Work to be completed: Print exactly the lines below between the line containing "In the main" and the line containing "Discover the perfect", counting both of those lines. Leave pictures out.

-- Data under study follows --

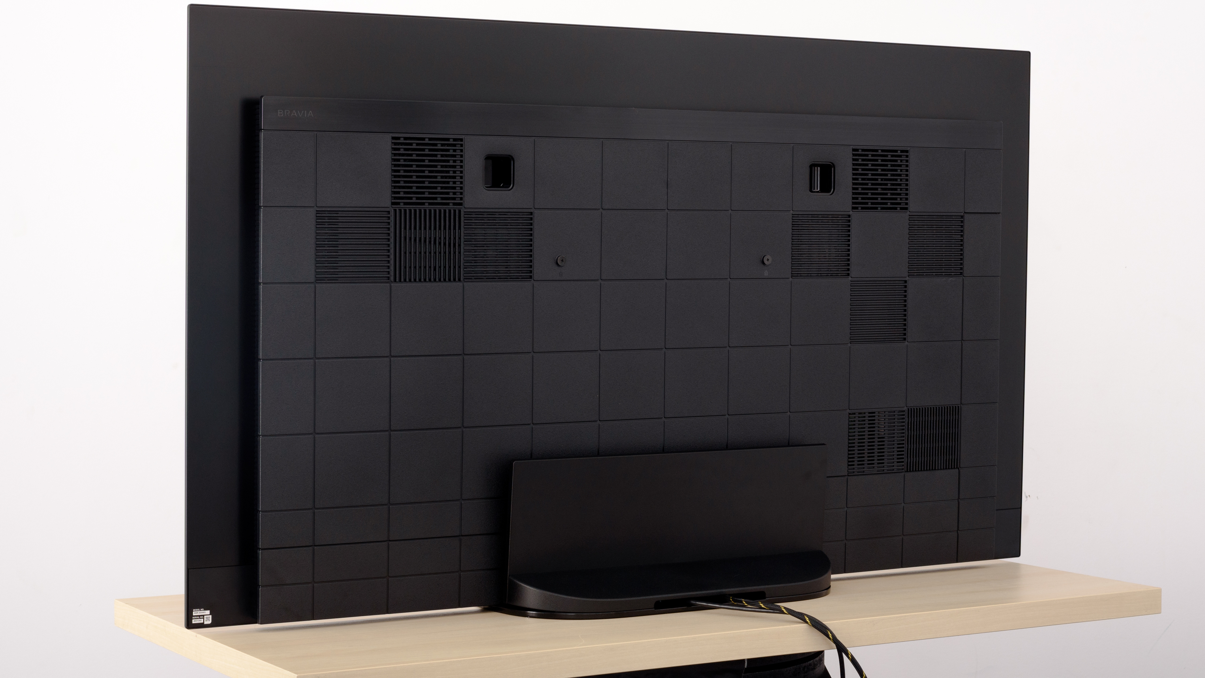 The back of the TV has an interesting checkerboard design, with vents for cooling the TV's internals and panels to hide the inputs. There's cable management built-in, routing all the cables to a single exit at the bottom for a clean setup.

-- Data under study concluded --
-- Data under study follows --

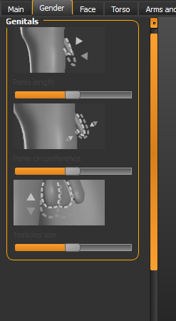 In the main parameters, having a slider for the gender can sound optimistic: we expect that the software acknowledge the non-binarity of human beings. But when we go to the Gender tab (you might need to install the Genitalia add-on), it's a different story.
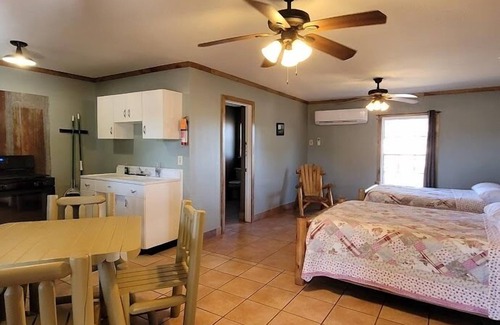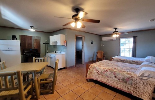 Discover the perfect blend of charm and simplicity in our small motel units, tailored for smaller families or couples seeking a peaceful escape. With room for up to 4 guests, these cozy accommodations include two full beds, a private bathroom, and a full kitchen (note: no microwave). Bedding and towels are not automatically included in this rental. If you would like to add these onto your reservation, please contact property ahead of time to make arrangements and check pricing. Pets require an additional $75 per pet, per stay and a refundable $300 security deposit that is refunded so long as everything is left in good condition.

-- Data under study concluded --

Written response:
 In the main parameters, having a slider for the gender can sound optimistic: we expect that the software acknowledge the non-binarity of human beings. But when we go to the Gender tab (you might need to install the Genitalia add-on), it's a different story.
 Discover the perfect blend of charm and simplicity in our small motel units, tailored for smaller families or couples seeking a peaceful escape. With room for up to 4 guests, these cozy accommodations include two full beds, a private bathroom, and a full kitchen (note: no microwave). Bedding and towels are not automatically included in this rental. If you would like to add these onto your reservation, please contact property ahead of time to make arrangements and check pricing. Pets require an additional $75 per pet, per stay and a refundable $300 security deposit that is refunded so long as everything is left in good condition.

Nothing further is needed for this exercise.